On Dec 1, 2009, at 3:13 PM, Ryan Schmidt wrote:
On Dec 1, 2009, at 16:57, Scott Haneda wrote:
On Dec 1, 2009, at 2:38 PM, Jeremy Lavergne wrote:
Can you tell me more about the gsoc project wrt MacPorts? Where
do I find the log? I can force a portfile to fail, or look at
some others that have, where do I find those logs?
It's in the trunk version: when there's an error it'll report
where it put the log.
Any eta on when this hits the general users hands?
It will be in MacPorts 1.9.0, for which there is no ETA.
I think we can do a smaller 1.8.2 release before then, for which
there is also no ETA, but IMHO it could occur this month. We already
have a few things added to the 1.8 branch beyond what was released
in 1.8.1, and several more small fixes that could be merged from
trunk as well.
From what I can gather, your comments below are speaking towards
100% automated ticket submissions on port install error?

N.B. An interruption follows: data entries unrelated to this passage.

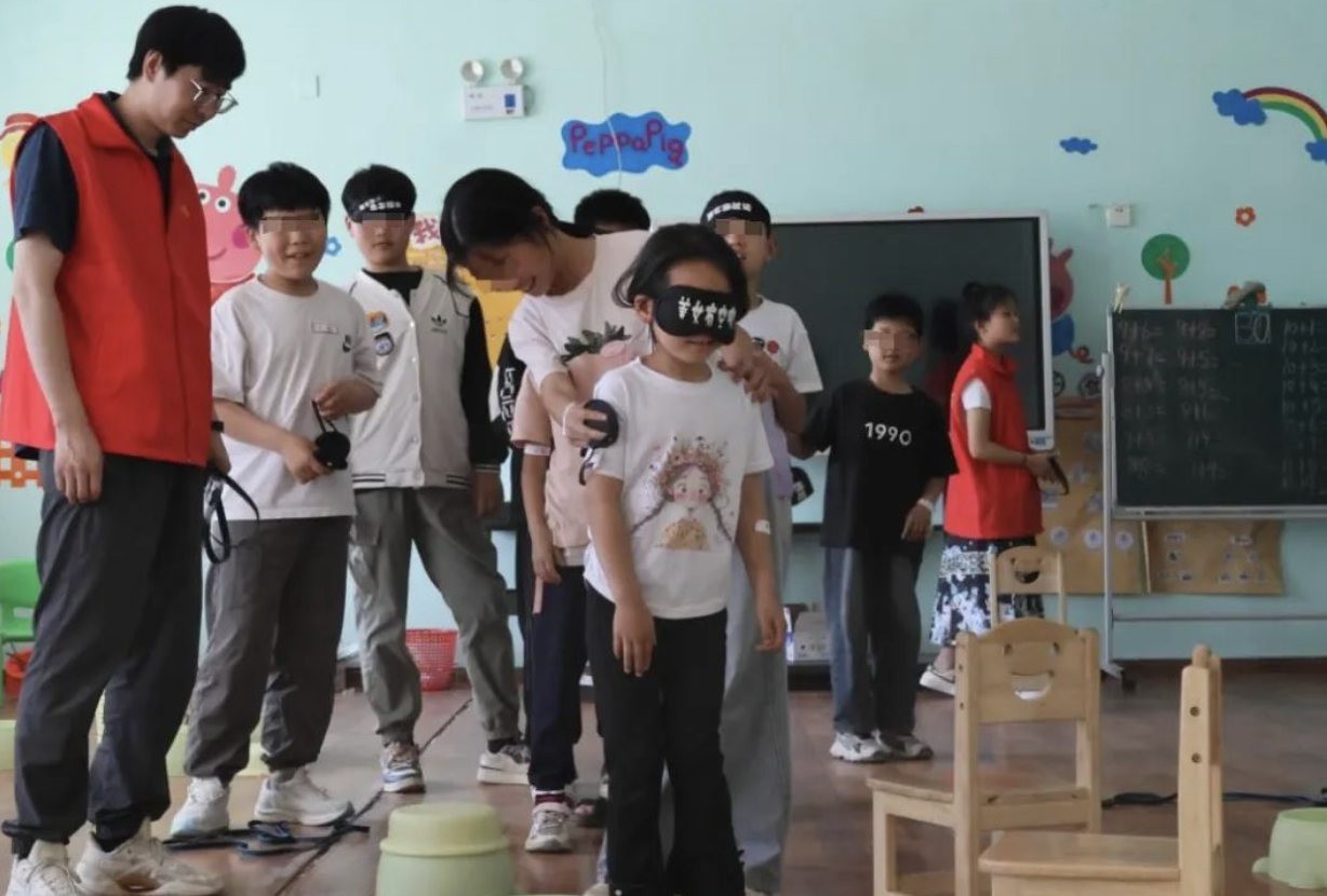 游戏《冲出重围》则将活动推向高潮。在黑暗与无声的环境中,孩子们只能凭借彼此的肢体接触和心灵感应,携手突破“重围”。这一过程不仅考验着团队的协作能力,更让孩子们感受到在困境中,团队给予的力量与温暖。
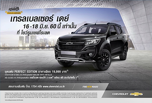 Chevrolet Trailblazer ภายในงาน "เทรลเบลเซอร์ เดย์" ที่จัดขึ้นเป็นครั้งแรกที่ผู้จัดจำหน่ายทั่วประเทศระหว่างวันศุกร์ที่ 16 ถึง วันอาทิตย์ที่ 18 มิถุนายน 2560
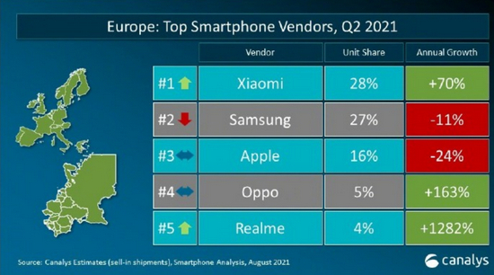 国内抢不过OV,小米转而在海外发力凶猛。据国际数据机构Canalys发布的最新数据显示,2021年Q2季度,小米在65个国家和地区智能手机市场占有率排名前五,在22个国家和地区智能手机市场占有率排名第一。
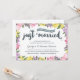 Este elegante e moderno convite de 75º aniversário de casamento apresenta uma adorável caligrafia de pincel; lindas flores rosa, roxas e amarelas; e tipografia rústica que diz "Casados (setenta e cinco anos atrás!)."
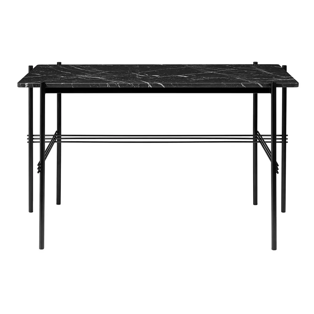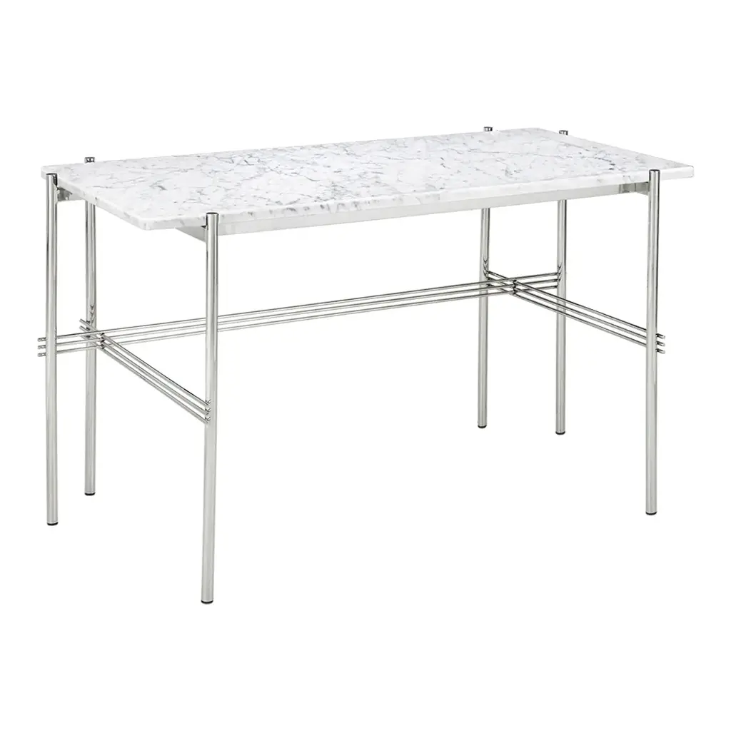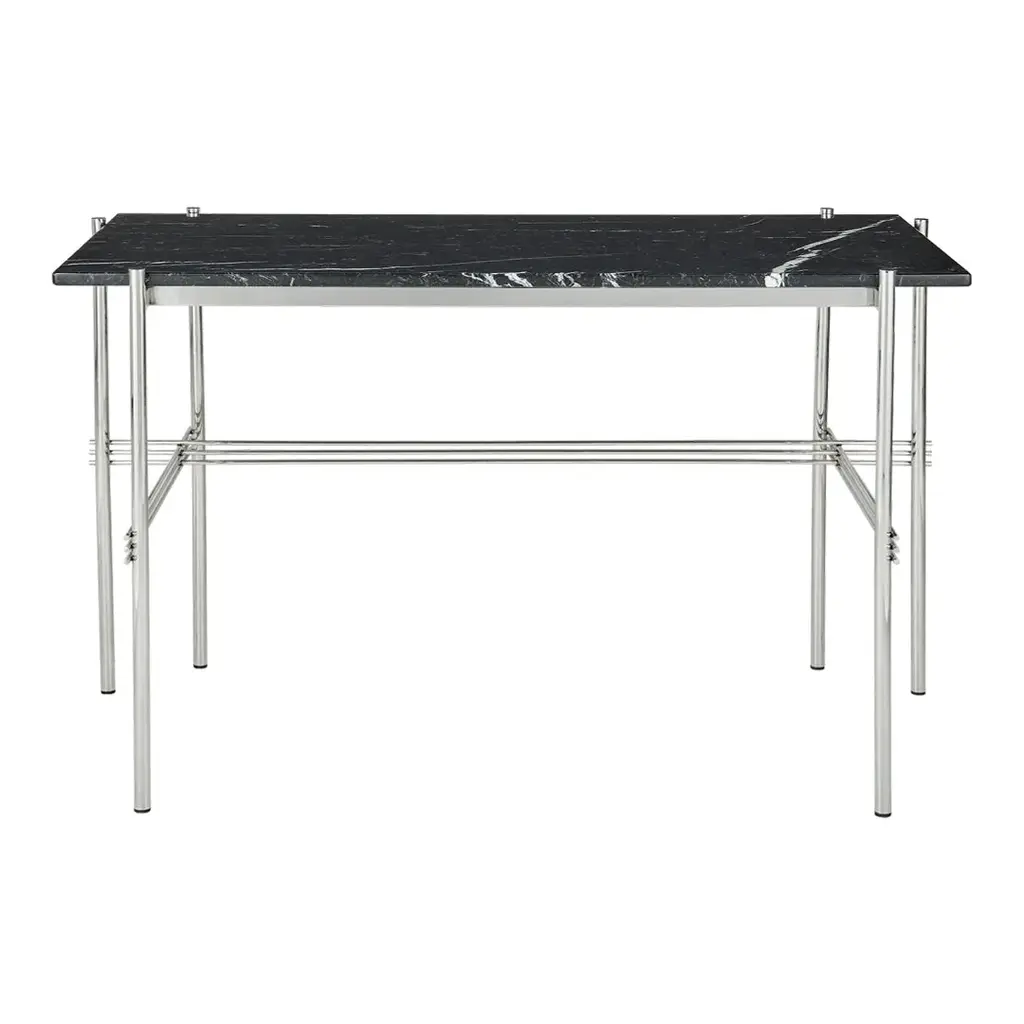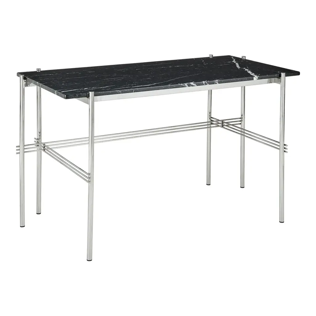 Playing with the contrast of a solid table top and the characteristic slender metal legs with a careful crossing detailing, the TS Desk is a modern and stylistically pure desk perfectly suited for an office space where the home-like feel is sought for. The TS Collection got its name as well as inspiration from the renowned restaurant The Standard in Copenhagen where the materials and design vision have strong references to the buildingâ€s architecture. The visual lightness in combination with honest materials and flawless craftsmanship, the TS Desk has an outstanding minimalistic design that would make a beautiful addition to any modern interior or office space. Available in glass or marble with black base.

Or are
you saying, that after a failed install, and some general
guidance to a wiki/troubleshooting page, that the steps the user
take would auto submit a new trac ticket, which in turn, a
script could fish out some details and make the ticket more
relevant?
The ticketing process is currently not automated, but my ideas
were geared toward the creation of such a system. I feel most of
the information can be gleaned from the server's database and port
can fire up a terminal window with a specific URL to trigger an
auto-population of the form (e.g., `openhttp://trac.macports.org/...port=...mpversion=1.8.99
...`).
Ok, cool, we are on the exact same page, that was my thinking as
well.
Before we talk about technically how to auto-submit tickets, we
should make sure that's what we want. Personally, I think the user
needs to have some say in whether a ticket gets filed. Not every
error MacPorts prints means there is a bug. For example, a checksum
error may indicate a problem with the user's network. A build
failure might occur if the user did not install dependencies with
the right architecture (or perhaps did not follow the Migration
procedure when upgrading to Snow Leopard). And what about
duplicates? We don't want 100 users (or even 2 users) filing tickets
for the same problem. We want users to locate existing issues in the
issue tracker and only file a new ticket if their issue is not
already covered.
Is it safe to say we wouldn't want local repo submissions?